# PROJECT: Audio Books' Purchase Prediction.

## Problem
 
The goal is to create a machine learning algorithm that can predict if a customer will buy again from the Audiobook company.
Data is collected from an Audiobook app. Each customer in the database has made a purchase of audio versions of the books atleast once.

The main idea is to focus our efforts ONLY on customers that are likely to buy from the company again, in this case we can make great savings. If a customer has a low probability of coming back, it would be wasteful to spend resources advertising to them.

There are several variables: 'Customer ID', 'Book length avg' (average of all purchases in minutes), 'Book length sum' (sum of all purchases in minutes), 'Avg Price'(average of all purchases), 'Sum Price paid' (sum of all purchases), 'Review' (a Boolean variable), 'Review(out of 10)', 'Completion' (from 0 to 1) , 'Total minutes listened', 'Support Requests' (number), 'Last visited' (minus purchase date in days), 'Purchase' (targets).

The targets are a Boolean variable (so 0, or 1). We are taking a period of 2 years in our inputs, and the next 6 months as targets. So, in fact, we are predicting if: based on the last 2 years of activity and engagement, a customer will convert in the next 6 months. 6 months sounds like a reasonable time.
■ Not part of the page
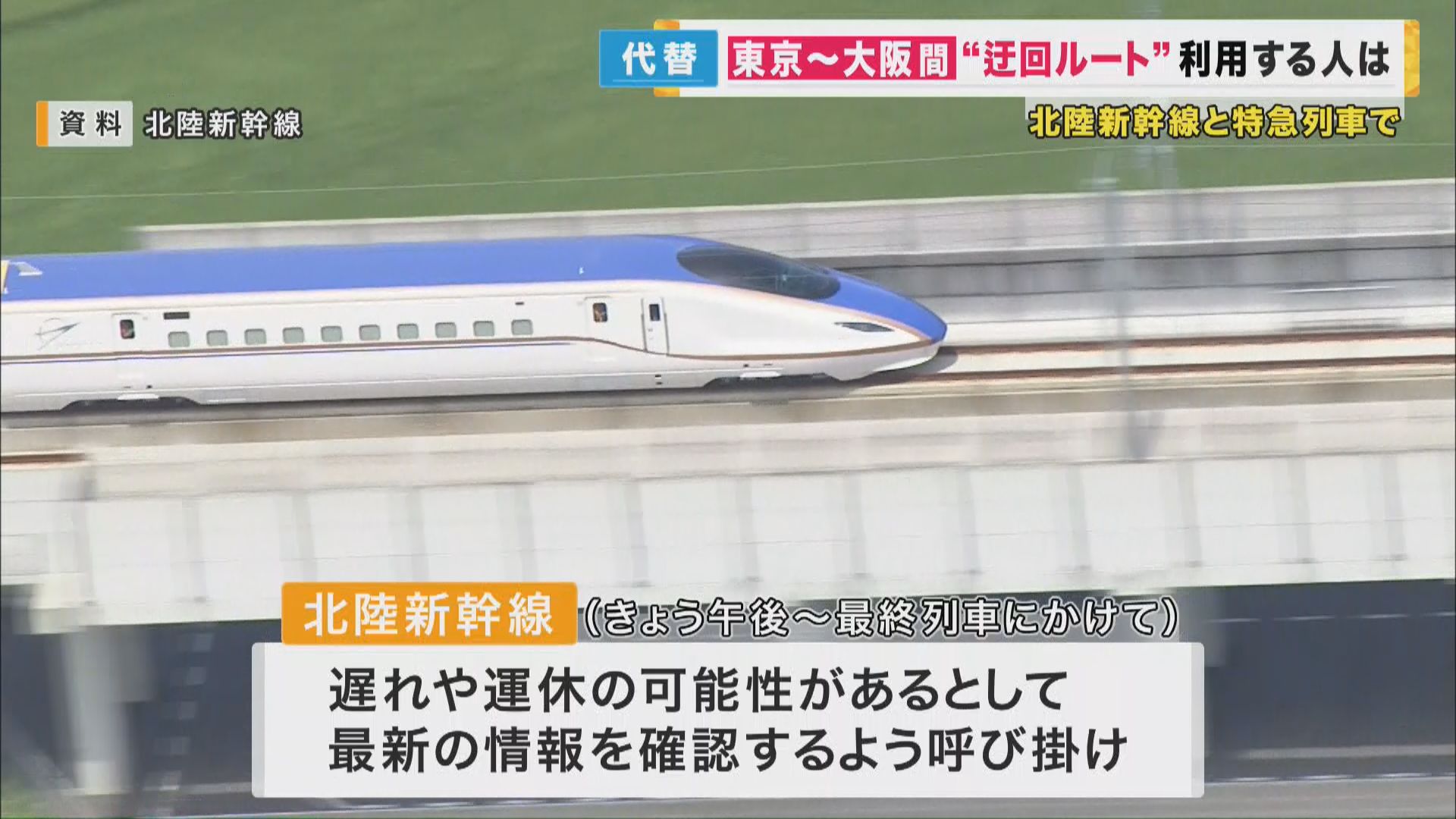 大阪と東京を結ぶ空の便で欠航が相次ぎ、東海道新幹線も東京から名古屋の間で運転を取りやめる中、「迂回ルート」が注目されています。

If they don't convert after 6 months, chances are they've gone to a competitor or didn't like the Audiobook way of digesting information. 

The task is simple: create a machine learning algorithm, which is able to predict if a customer will buy again. 

This is a classification problem with two classes: won't buy and will buy, represented by 0s and 1s. 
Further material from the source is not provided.